Meski begitu, Direktur Eksekutif The Political Literacy Institute ini mengaku sejak awal mendukung usulan penyederhanaan jumlah partai politik. Karena hanya dengan jumlah partai politik yang sederhana, konsolidasi bahkan pelembagan demokrasi bisa tercapai. Tapi, karena sampai saat ini jumlah partai politik terlalu banyak, dari tahun 1998, sejak reformasi, Indonesia tetap pada fase transisi demokrasi.
Menurutnya, perlu kedewasaan politik dari semua partai bila usulan penyederhanaan jumlah partai politik akan disederhanakan.
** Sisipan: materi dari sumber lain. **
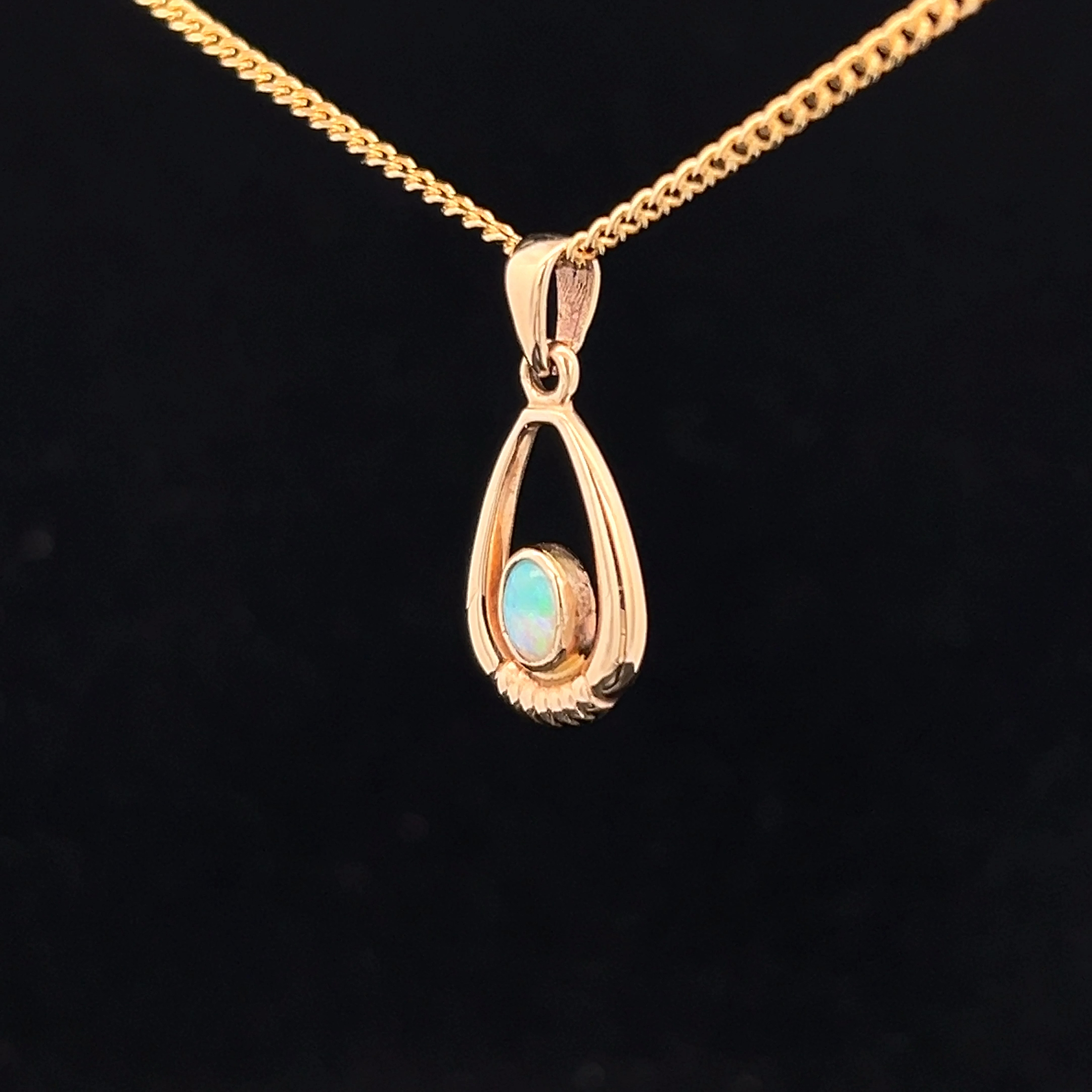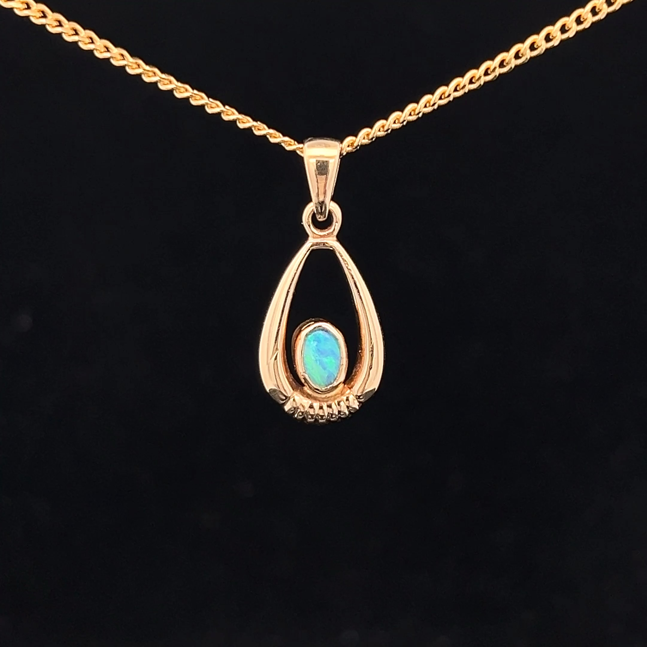 South Australian Solid Crystal Opal Pendant set in 9K Yellow Gold

Bagi partai kecil-menengah, bebernya, seharusnya tidak berasumsi bahwa sedang dizalimi, tapi kenaikan ambang batas ini harus menjadi tantangan untuk bekerja keras agar tetap eksis.
Sedangkan untuk partai besar, harus tetap
aware. "(Penyederhanaan partai) ini akan menjadi semacam pertaruhan apakah akan mengacu pada oligarki atau pelembagaan politik. Jangan sampai partai peneagah melakukan penggabungan, tapi terjadi korporatisme secara berlebihan. Sehingga terjadi oligarki partai politik dan itu mematikan demokrasi , karena
chek and balance tidak jalan," demikian Gun Gun.